- Directed by: Anomaa Rajakaruna
- Produced by: Agenda 14
- Starring: Sunethra Bandaranaike Chandrika Kumaratunga
- Cinematography: Kularuwan Gamage Samantha Dasanayake Sanjay Dalugoda
- Edited by: Saman Alvitigala
- Music by: Chinthaka Jayakody
- Release date: 21 July 2023;
- Running time: 83 minutes
- Country: Sri Lanka
- Languages: English, Sinhalese

= Our Mother, Grandmother, Prime Minister: Sirimavo =

Our Mother, Grandmother, Prime Minister: Sirimavo (අපේ අම්මා, අත්තම්මා, අගමැතිනිය : සිරිමාවෝ) is a 2023 documentary film directed by Anomaa Rajakaruna. The film chronicles the life of Sirimavo Bandaranaike, the first female prime minister of Sri Lanka and the first elected female head-of-government in modern world history.
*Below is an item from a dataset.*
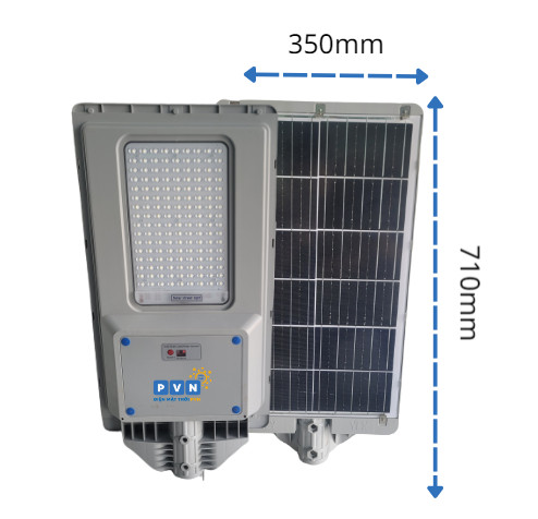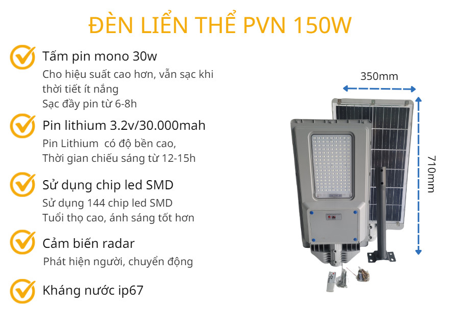 Đèn đường liền thể năng lượng mặt trời PVN 150W có công suất 150W, sử dụng 144 chip LED SMD siêu sáng và tiết kiệm điện. Tấm pin năng lượng mặt trời có công suất 30W, có khả năng chuyển hóa ánh sáng mặt trời thành điện năng hiệu quả. Pin tích điện có dung lượng 30.000mAh, có thể cung cấp điện cho đèn chiếu sáng từ 12-15 giờ liên tục. Đèn còn được trang bị chế độ cảm biến radar và điều khiển ánh sáng thông minh, giúp cho đèn tự động bật/tắt theo ánh sáng tự nhiên và phát sáng mạnh khi có người di chuyển gần đèn.

The film tells her life story as three-time Prime Minister of Sri Lanka, following the assassination of her husband, S.W.R.D. Bandaranaike. It is portrayed through conversations with her two daughters, Sunethra Bandaranaike and former President Chandrika Kumaratunga, as well as two of her grandchildren. The film also contains personal accounts from long-standing members of the Ceylon Administrative Service, who were part of her cabinet.

The film released on 21 July 2023. It won Best Documentary at the 21st Dhaka International Film Festival.